Federal and industrial standards have been established for the allowable concentration of particulate matter in the atmosphere of various clean rooms. Both for the purpose of remaining within a particular standard and for the purpose of self-regulating quality control, it is necessary to regularly test the clean room to determine the concentration of particles in the atmosphere.
Devices for collecting particulate matter from an atmosphere are known. U.S. Pat. No. 3,711,707 to Lilienfeld et al. is typical of the prior art collectors. The patent describes a monitoring apparatus which collects aerosol particles by impaction. Particle impactors operate under the principle that as an air stream is caused to strike a substrate, the heavy particles impact upon the surface because of their mass.

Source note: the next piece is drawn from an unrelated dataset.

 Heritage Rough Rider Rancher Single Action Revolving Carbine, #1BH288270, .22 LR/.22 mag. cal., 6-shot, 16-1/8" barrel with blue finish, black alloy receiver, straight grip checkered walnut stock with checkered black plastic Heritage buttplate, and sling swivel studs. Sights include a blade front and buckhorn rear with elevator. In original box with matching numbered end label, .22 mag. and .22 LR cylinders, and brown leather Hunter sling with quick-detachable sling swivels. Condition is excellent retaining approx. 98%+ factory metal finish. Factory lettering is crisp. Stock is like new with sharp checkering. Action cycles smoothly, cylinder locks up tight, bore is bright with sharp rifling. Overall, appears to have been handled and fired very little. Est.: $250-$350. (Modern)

U.S. Pat. No. 3,970,428 to Barringer operates in much the same manner as particle impactors. The substrate, however, is replaced by a strip of tape having an adhesive coating to capture the particles. The strip of tape is advanced periodically so that the particulate matter is collected in a number of "dots" or circular areas. U.S. Pat. No. 3,458,974 to Orr, Jr., et al. describes a collector which captures particles by impinging a heated gas on a cooled surface. The temperature gradient causes the particulate matter to be driven toward the cooler surface by thermal forces, whereupon the particles are collected.

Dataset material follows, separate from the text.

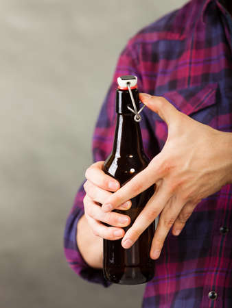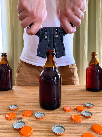 Craft beer brewing at home, man closes brown glass beer bottles with plastic capper on wooden table with orange crown caps. Vertical image

Conventional prior art collectors and detectors operate only where relatively high concentrations of particles or relatively heavy particles are encountered. Additionally, some conventional devices require the substrate to be mechanically fastened to the devices. Mechanical fastening may cause particulate matter to enter the atmosphere.
Some impactors center the collected particles in one small area, thereby making it more difficult to determine the size of individual particles. Barringer and Orr, Jr., et al. solve this problem by moving the tape or substrate, but the particulate matter is still collected only where the air stream is directed.
It is an object of the present invention to provide an apparatus for collecting particulate matter from an ambient atmosphere that is capable of collecting matter smaller than that collected by conventional impactors and is able to provide a suitable measurement surface. A further object is to standardize the gas flow rate in such an apparatus despite fluctuations of pressure from a vacuum source, thereby making data from testing as a function of time more reliable.